In 2021, the MC passed a resolution to raise RM1.45 million from all owners for capital works. A suit was filed to challenge this resolution. Pending a court decision, the MC reclassified the cash call as a sinking fund contribution at an EGM in 2022. The High Court sided with the MC, upholding that the resolutions were valid under sections 51(2)(c,) (e), 59(1)(a), (c) and 61(3) of the SMA (ref 1).
Court of Appeal Ruling
The Court of Appeal overturned the earlier decisions, sending a clear message about the limits of MC powers. The key rulings were:
1. Legal Costs Cannot Be Recovered via Bylaw
The Court held that the MC’s bylaw requiring parcel owners to pay the MC’s legal expenses was invalid and unenforceable. The SMA does not empower MCs to pass such bylaws, and any attempt is ultra vires of Section 70(2) SMA 2013 (ref 1). Legal costs must be borne by the MC.

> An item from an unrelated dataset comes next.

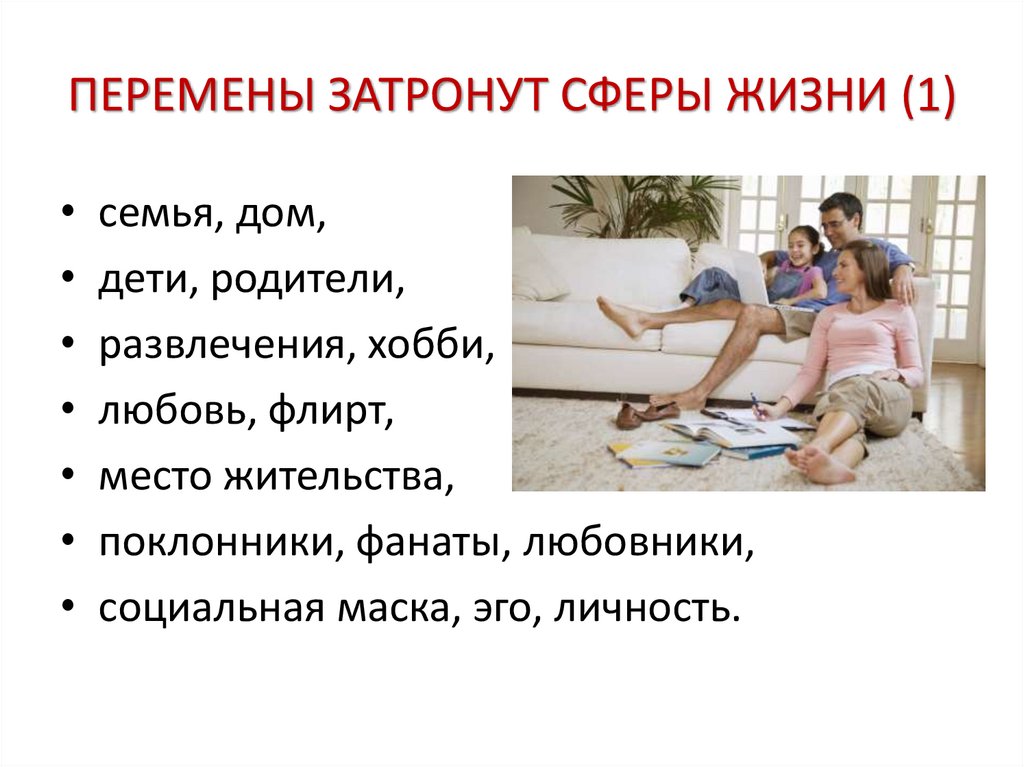 ПЕРЕМЕНЫ ЗАТРОНУТ СФЕРЫ ЖИЗНИ (1)семья, дом,

2. Differential Rates Not Allowed
The Court pointed out that using different rates for apartments and villas was unlawful. Different rates of charges under 60(3)(b) SMA 2013 can only be used if the parcels are used for significantly different purposes (ref 1 & 2).

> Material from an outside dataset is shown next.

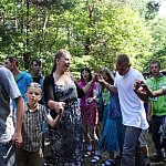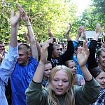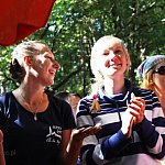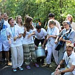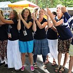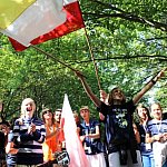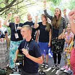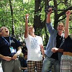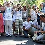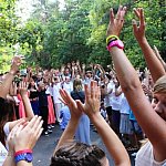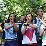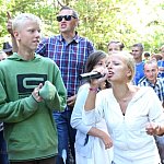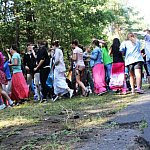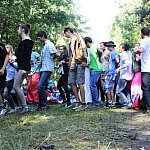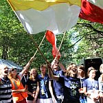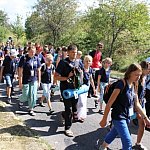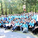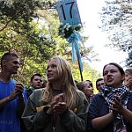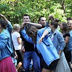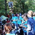 Wszystkie grupy z części A i B przed wejściem do Częstochowy zatrzymują się w lasku na ul. Hektarowej, gdzie nie kryją swojej radości z przebytej drogi oraz bliskości wyznaczonego celu. Wesoło tańczą i śpiewają. Fot. OL, ML

The parcels in the development, whether apartments or villas, have the same use for residential purposes. Therefore, the apartments and villas in this case cannot be deemed to be used for “significantly different purposes”, in order to justify the different rates imposed by the MC under Section 60(3)(b) of the SMA (ref 2). This matter is pending an appeal in the Federal Court (ref 2).
3. Sinking Fund Contributions Capped at 10%
The SMA sets sinking fund contributions at 10% of maintenance charges. The Court confirmed that MCs cannot increase this percentage through resolutions or bylaws (ref 1). Any attempt is invalid. This protects owners from excessively costly liabilities.

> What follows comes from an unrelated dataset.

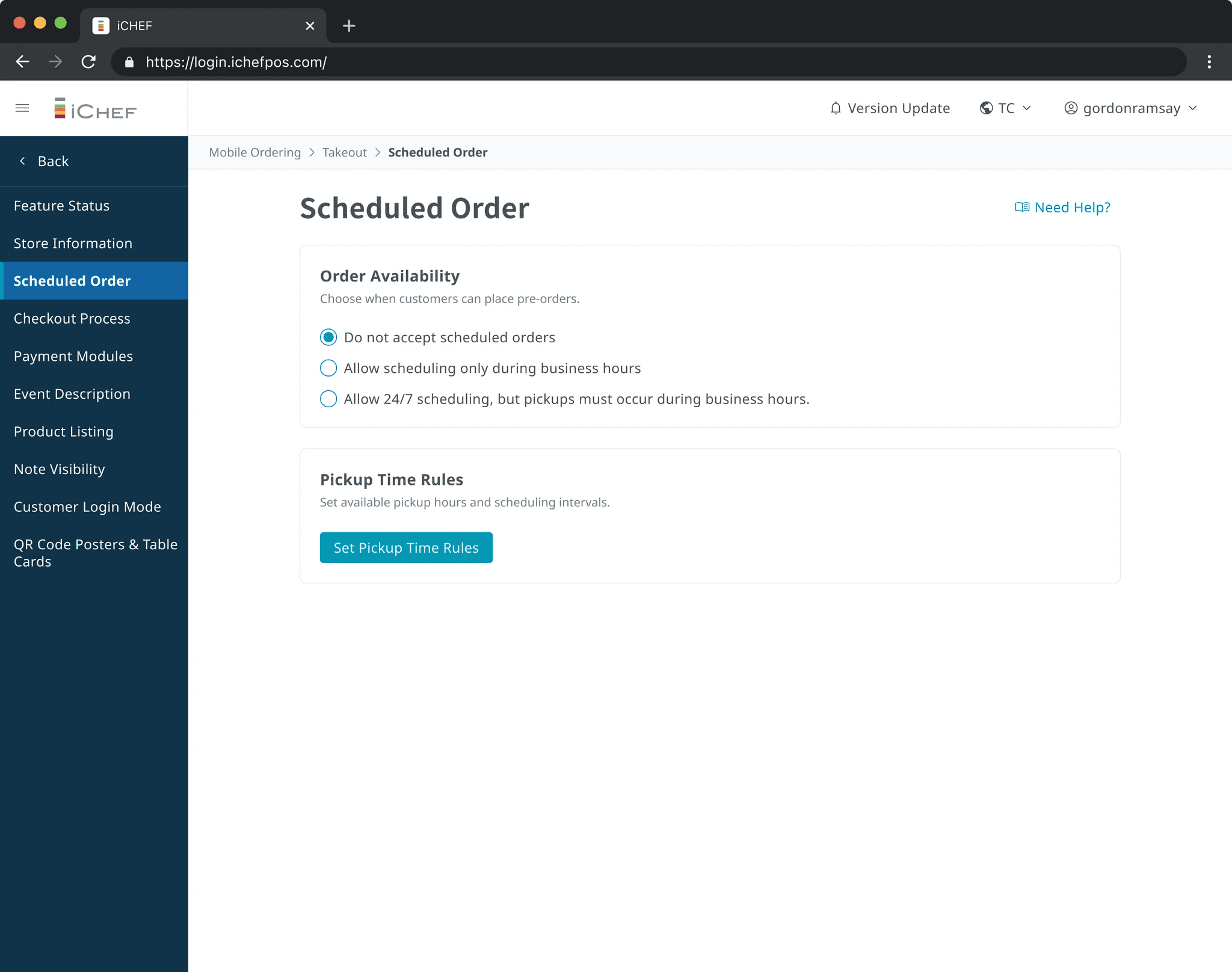 Restaurant owners needed a low-effort way to enable scheduled ordering. I evaluated whether a dedicated onboarding flow would justify the development investment and chose a lean activation approach instead, using a single Scheduled Orders configuration page for both setup and adjustments.

Going by this ruling, cash calls would not be permitted either, as such levies are outside the scope of the SMA. MCs must raise funds through the mechanisms provided in the Act.
Personal Commentary
The Court of Appeal’s decision in this case acts as a reminder to ensure that management practices are aligned with statutory requirements. By invalidating cash calls, extra sinking fund contributions, bylaws on legal costs and the use of differential rates, the Court has reaffirmed the principle that MCs must act strictly within the powers granted by the SMA. Although MCs often face monetary strains and difficulties in managing the development, the Court of Appeal has emphasised that solutions must remain within the limits of the SMA.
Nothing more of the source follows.